_Exercise_. Only those lines in the data below from the line containing "This paper investigates" through the line containing "Thanks for the", both included, should be restated word for word.

_Data for review_.
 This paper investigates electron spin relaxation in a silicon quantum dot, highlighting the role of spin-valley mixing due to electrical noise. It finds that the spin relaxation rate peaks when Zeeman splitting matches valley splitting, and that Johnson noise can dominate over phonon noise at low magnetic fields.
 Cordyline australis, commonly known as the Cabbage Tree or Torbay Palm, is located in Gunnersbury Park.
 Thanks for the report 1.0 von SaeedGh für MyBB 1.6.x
...
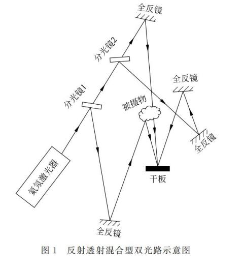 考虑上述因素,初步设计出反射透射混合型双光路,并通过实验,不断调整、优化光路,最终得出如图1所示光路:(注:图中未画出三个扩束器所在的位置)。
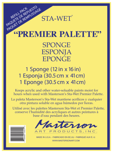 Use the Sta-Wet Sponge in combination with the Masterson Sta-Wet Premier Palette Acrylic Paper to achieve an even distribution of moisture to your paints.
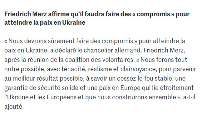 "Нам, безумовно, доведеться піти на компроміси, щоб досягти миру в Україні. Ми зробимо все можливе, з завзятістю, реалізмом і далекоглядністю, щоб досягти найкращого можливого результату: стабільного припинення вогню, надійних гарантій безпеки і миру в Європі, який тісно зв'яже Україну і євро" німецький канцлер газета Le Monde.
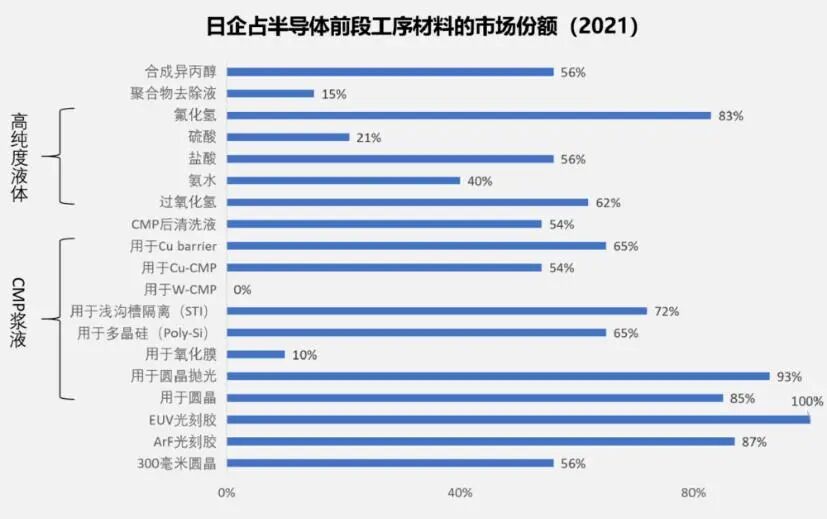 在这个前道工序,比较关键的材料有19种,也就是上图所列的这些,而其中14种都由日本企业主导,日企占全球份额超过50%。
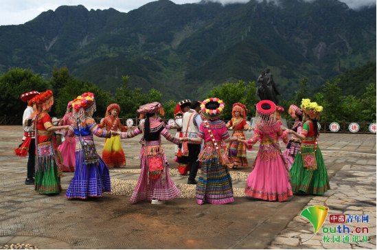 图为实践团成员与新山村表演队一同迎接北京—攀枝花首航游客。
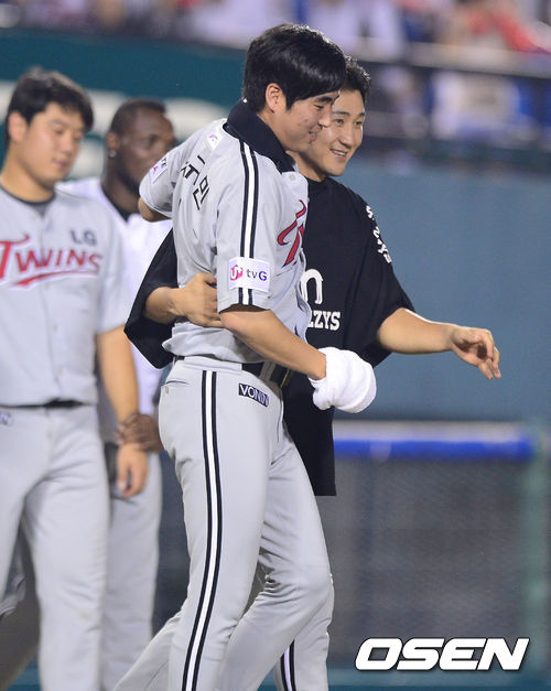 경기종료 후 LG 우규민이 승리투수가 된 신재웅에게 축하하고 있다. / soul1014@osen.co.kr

_Finished task_.
 This paper investigates electron spin relaxation in a silicon quantum dot, highlighting the role of spin-valley mixing due to electrical noise. It finds that the spin relaxation rate peaks when Zeeman splitting matches valley splitting, and that Johnson noise can dominate over phonon noise at low magnetic fields.
 Cordyline australis, commonly known as the Cabbage Tree or Torbay Palm, is located in Gunnersbury Park.
 Thanks for the report 1.0 von SaeedGh für MyBB 1.6.x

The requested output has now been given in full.